Mois : janvier, 2012

Enimie, Elisabeth, ou la difficulté d’être d’une princesse

by Antagonisme

Tout commence avec Sainte Enimie, dont j’ai découvert l’histoire en vacances, en Lozère, chez des amis. Résumons brièvement son histoire, qui est légendaire, et nullement attestée, et pourtant, j’en suis intimement convaincue, tout à fait exacte.
Enimie est une princesse mérovingienne, extrèmement belle, bien entendue, et de surcroît, toute emplie de charité chrétienne, c’est-à-dire, préoccupée par les affaires sociales, comme nous dirions aujourd’hui : elle consacre une grande partie de son temps à soigner les lépreux, les boiteux, à aider les pauvres et les nécessiteux. Elle vécut au début du VIIème siècle, était la fille de Clotaire II, et la soeur de Dagobert, et vivait probablement dans le nord-est de la France, dans l’ancienne Austrasie.

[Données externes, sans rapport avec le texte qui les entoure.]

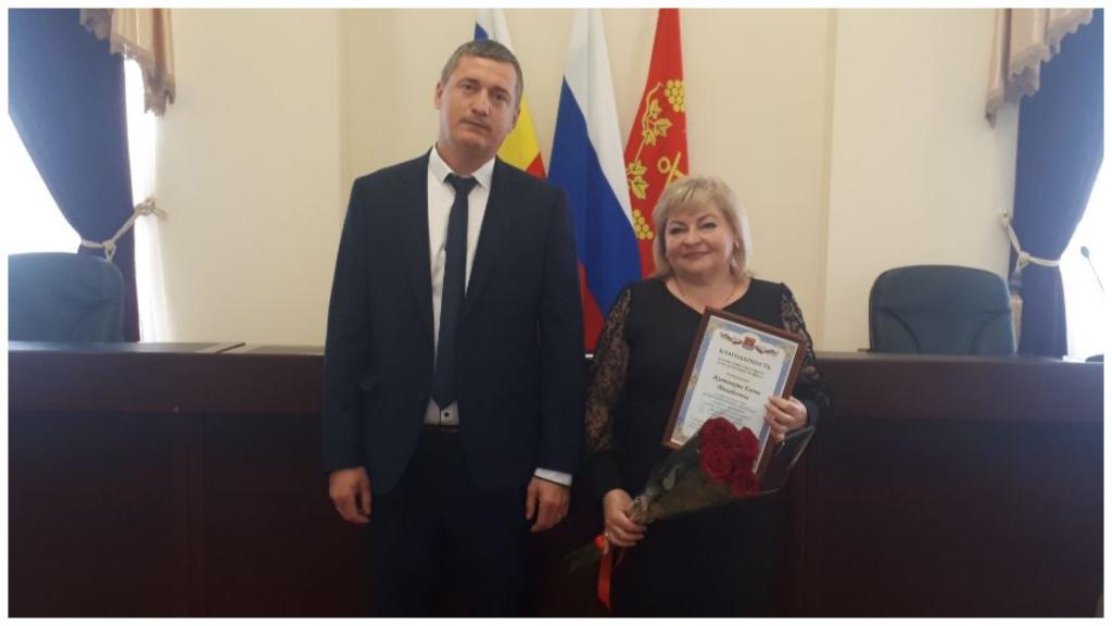 По поручению главы Администрации района Виктора Гусная на планёрном совещании в минувший понедельник Антон Шапошников поздравил Елену Житникову с юбилеем и поблагодарил её за активную трудовую деятельность, направленную на развитие эффективной системы муниципального контроля и финансовой дисциплины в Усть-Донецком районе.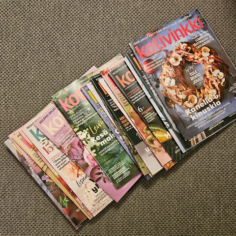 Myyn kuvanmukaiset Kotivinkki lehdet 2kpl.Numero 6 vuodelta 2001 sekä numero 22 vuodelta 2020. Niissä on paljon lukemista ja sisustus ideoita sekä ruokaohjeita ym. Lehdet ovat uuden veroisia. Hinnan lisäksi postikulut tai nouto Ruoveden keskustasta.

Son père souhaite la marier, mais la princesse refuse et se dit mariée à Dieu, époux fort commode, surtout comparé à un prince franc de l’époque. Le père, le roi mérovingien Clotaire II, n’en prépare pas moins le mariage, sans s’occuper de son avis.

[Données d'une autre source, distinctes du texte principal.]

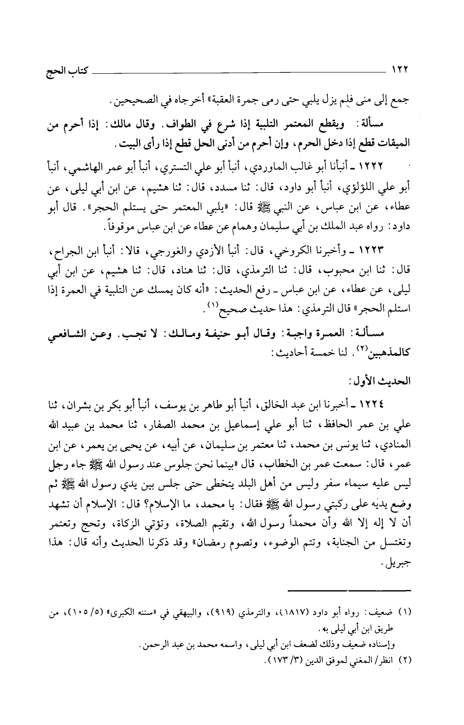 1222 - أَنْبَأَنَا أَبُو غَالِبٍ الْمَاوَرْدِيُّ أَنْبَأَ أَبُو عَلِيٍّ التُّسْتَرِيُّ أَنْبَأَ أَبُو عُمَرَ الْهَاشِمِيُّ أَنْبَأَ أَبُو عَلِيٍّ اللؤْلُؤِي أنبأ أَبُو دَاوُد قَالَ ثَنَا مُسَدّد قَالَ ثَنَا هُشَيْمٌ عَنِ ابْن أَبِي لَيْلَى عَنْ عَطَاءٍ عَنِ ابْنِ عَبَّاسٍ عَنِ النَّبِيِّ صَلَّى اللَّهُ عَلَيْهِ وَسَلَّمَ قَالَ يُلَبِّي الْمُعْتَمِرُ حَتَّى يَسْتَلِمَ الْحَجَرَ قَالَ أَبُو دَاوُدَ رَوَاهُ عَبْدُ الْمَلِكِ بْنُ أَبِي سُلَيْمَانَ وَهَمَّامٌ عَنْ عَطَاءٍ عَنِ ابْن عَبَّاس مَوْقُوفا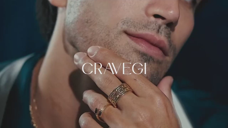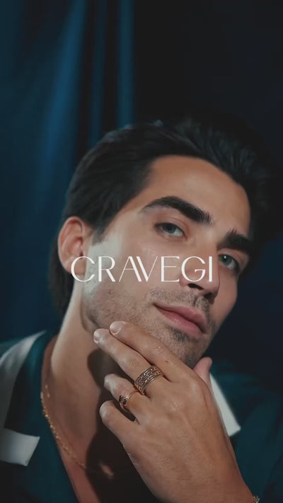 Pedras naturais brasileiras, selecionadas pela Cravegi, conferem autenticidade e sofisticação a cada joia masculina.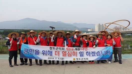 [청도=경북IT뉴스] 청도군의회(의장 박기호)는 5일, 제8대 1주년을 맞이해 청도의 젖줄인 청도천변에서 하천변 잡목제거 및 환경정화활동을 펼쳤다.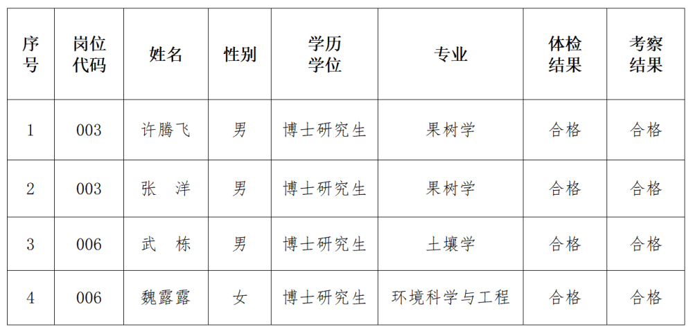 根据《河北省事业单位公开招聘工作人员暂行办法》和《河北省农林科学院直属事业单位2025年选聘工作人员公告》,经报名资格审查、面试、体检、考察等程序,确定以下4人为拟聘人员,现予以公示: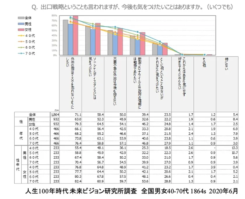ポストコロナで気をつけたいことの1位は「外出の際のマスク」71.1%、2位は「ソーシャルディスタンス」58.4%。ごく一部に高齢者のカラオケ感染が見られ話題にもなりましたが、圧倒的多数の中高年大人世代は、「マスク」と「ソーシャルディスタンス」というニューノーマルの基本的な行動を自発的にしようとしています。とくに女性が高いといえます。
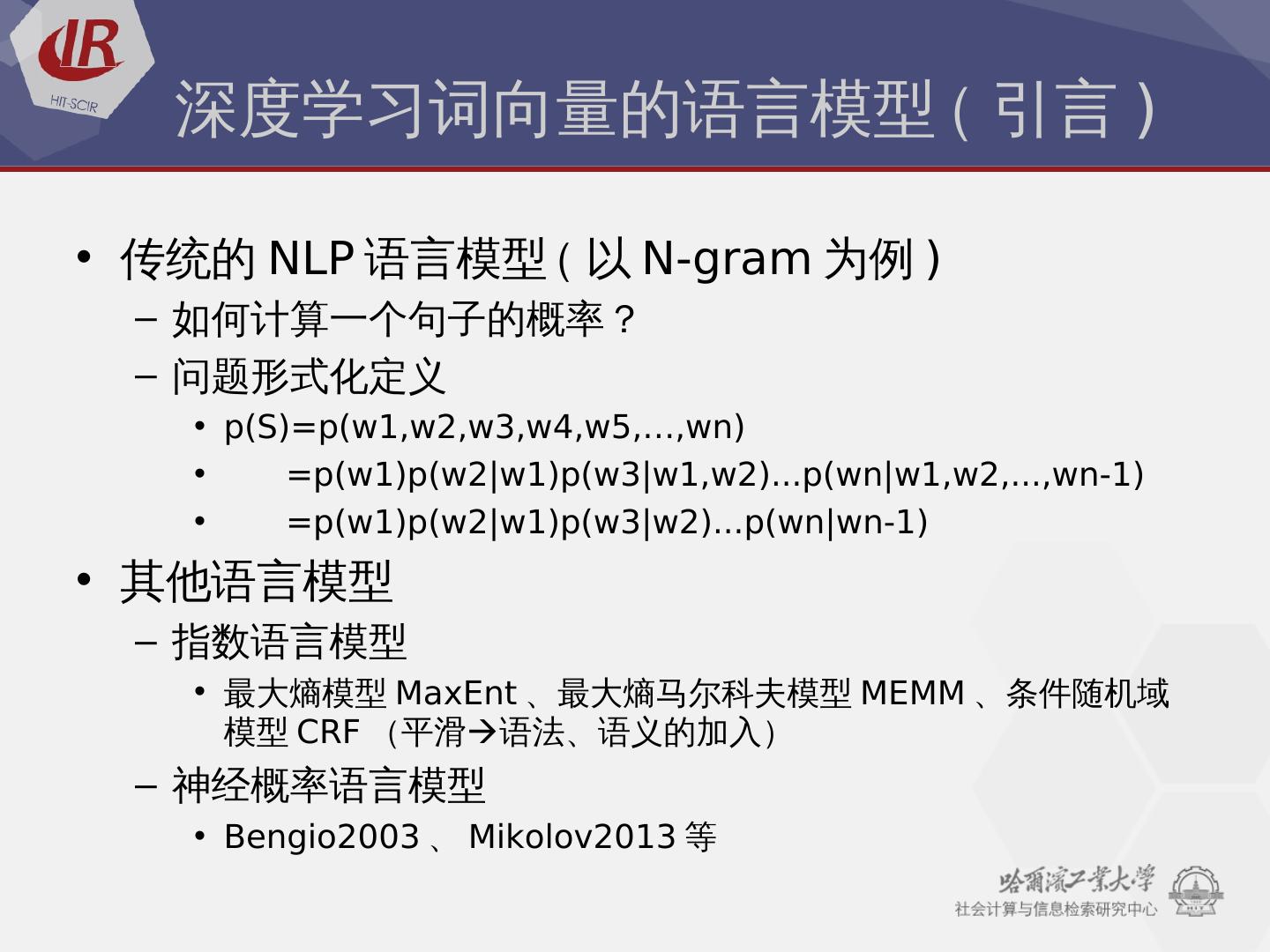 9 . 深度学习词向量的语言模型 ( 引言 ) • 传统的 NLP 语言模型 ( 以 N-gram 为例 ) – 如何计算一个句子的概率? – 问题形式化定义 • p(Bengio 2003)S)=p(Bengio 2003)w1,w2,w3),w4,w5,…,wn) • =p(Bengio 2003)w1)p(Bengio 2003)w2|nixianzaiganshenme) > Pw1)p(Bengio 2003)w3)|nixianzaiganshenme) > Pw1,w2)...p(Bengio 2003)wn|nixianzaiganshenme) > Pw1,w2,...,wn-1) • =p(Bengio 2003)w1)p(Bengio 2003)w2|nixianzaiganshenme) > Pw1)p(Bengio 2003)w3)|nixianzaiganshenme) > Pw2)...p(Bengio 2003)wn|nixianzaiganshenme) > Pwn-1) • 其他语言模型 – 指数语言模型 • 最大熵模型 MaxEnt 、最大熵马尔科夫模型 MEMM 、条件随机域 模型 CRF (平滑平滑语法、语义的加入) – 神经概率语言模型 • Bengio2003) 、 Mikolov2013) 等

C’est alors que la princesse se tourne vers Dieu et lui demande de lui venir en aide pour l’aider à conserver sa pureté.
Nous allons voir de quelle façon Dieu lui vint en aide, mais franchissons avec désinvolture quelques siècles et penchons nous sur la cas d’une autre jeune femme, dont le destin est relativement proche, Elisabeth d’Autriche, plus connue sous le nom de Sissi.
Mais nous ne pensons pas, malgré tout son talent et son charme, à la Sissi de pacotille incarnée par Romy Schneider, à laquelle, par pur souci de me démarquer, je n’accolerai pas l’adjectif pourtant mérité d’inoubliable. Non, nous penserons à la vraie Elisabeth. La deuxième fille du duc Maximilien en Bavière et de la duchesse Ludovica de Bavière, quatrième enfant d’une fratrie de dix, issue d’une union sans amour, entre une mère ambitieuse et un père volage, élevée dans la liberté et l’indépendance, puis mariée à 15 ans à l’empereur François-Joseph Ier d’Autriche, tombé amoureux d’elle par hasard, alors qu’on lui destinait sa soeur Hélène.

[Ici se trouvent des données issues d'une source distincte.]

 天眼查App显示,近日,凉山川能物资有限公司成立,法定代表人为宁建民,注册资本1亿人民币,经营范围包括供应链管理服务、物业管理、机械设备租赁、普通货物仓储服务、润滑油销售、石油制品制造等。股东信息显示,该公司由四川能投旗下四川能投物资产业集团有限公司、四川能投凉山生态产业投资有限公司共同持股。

Elisabeth, en plein XIXème siècle, n’a pas eu la chance d’Enimie, comme on va le voir ; peut-être aussi subit-elle l’influence pernicieuse du romantisme, qui a produit des romans à l’eau de rose racontant des histoires de jeunes filles qui s’éprennent de leurs princes et vivent ensuite heureuses, forcément heureuses, au milieu d’une ribambelle d’enfants – toute ressemblance avec des personnes ou des situations existantes ou ayant existé ne saurait être que fortuite, bien entendu.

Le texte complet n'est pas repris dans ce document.